The term visco-gel relates to material properties and is descriptive. I don’t believe that mark should have been allowed. The costs are high, but not unreasonably so.

Opposition Withdrawn, But Commissioner Continues Anyway

July 14, 2014

spraying device

Israel Patent 204070 to Reckit and Colman titled “SPRAYING DEVICE AND METHOD OF USING SAME” relates to a spray apparatus with a safety feature to check that it is not refilled by a third party. It was allowed, and published for opposition purposes on 28 February 2013. On 28 May 2013, Sano Bromium Factory LTD.  filed an opposition, claiming that all the claims were non-patentable due to novelty or obviousness considerations in light of WO 2005/113420 and WO 2005/009325. Furthermore, Sano-Bromium argued that the claims were poorly worded and unclear and lacked support from the specification.

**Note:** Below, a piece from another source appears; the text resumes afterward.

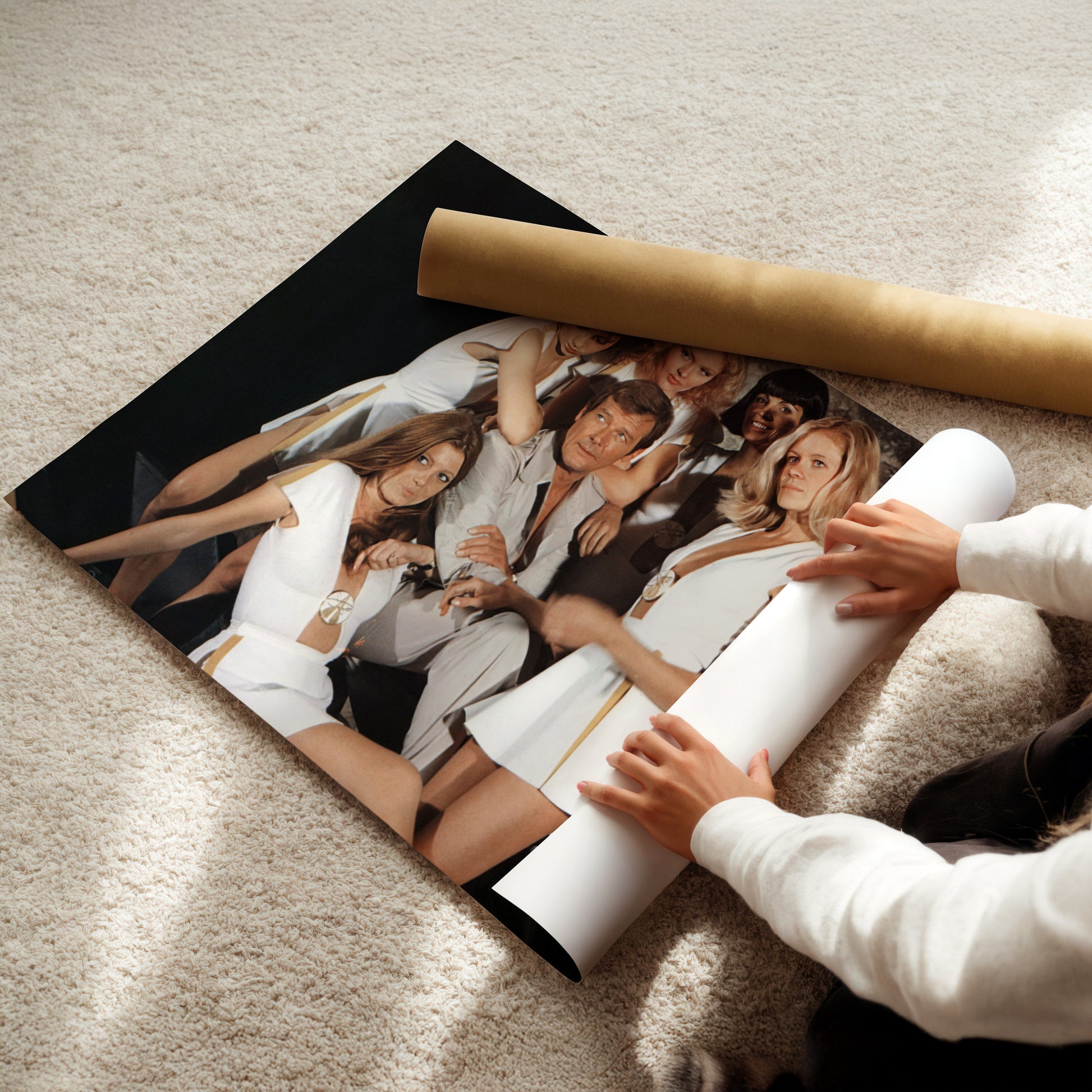 Roger Moore James Bond with Bond Girls Wall Art - Vintage 70s Spy Movie Poster - Glamorous Retro Cinema Decor for Film Buffs and Collectors

Sano-Bromium subsequently withdrew their opposition on 24 December 2013, and the opposition file was closed. However, under Section 34 of the Patent Law, the Deputy Commissioner put herself in the shoes of the opposer and compared the claims with the two citations and reasoned that they were, indeed, unpatentable.

The Deputy Commissioner published a closely argued comparison between the claims and the two citations and provisionally refused the patent, giving the applicant 30 days to respond.


The purpose of Section 34 is to prevent patents issuing when they shouldn’t. The Deputy Commissioner is correct to analyze the grounds for opposition on their merits and to consider whether the opposition should continue even if the opposer loses interest.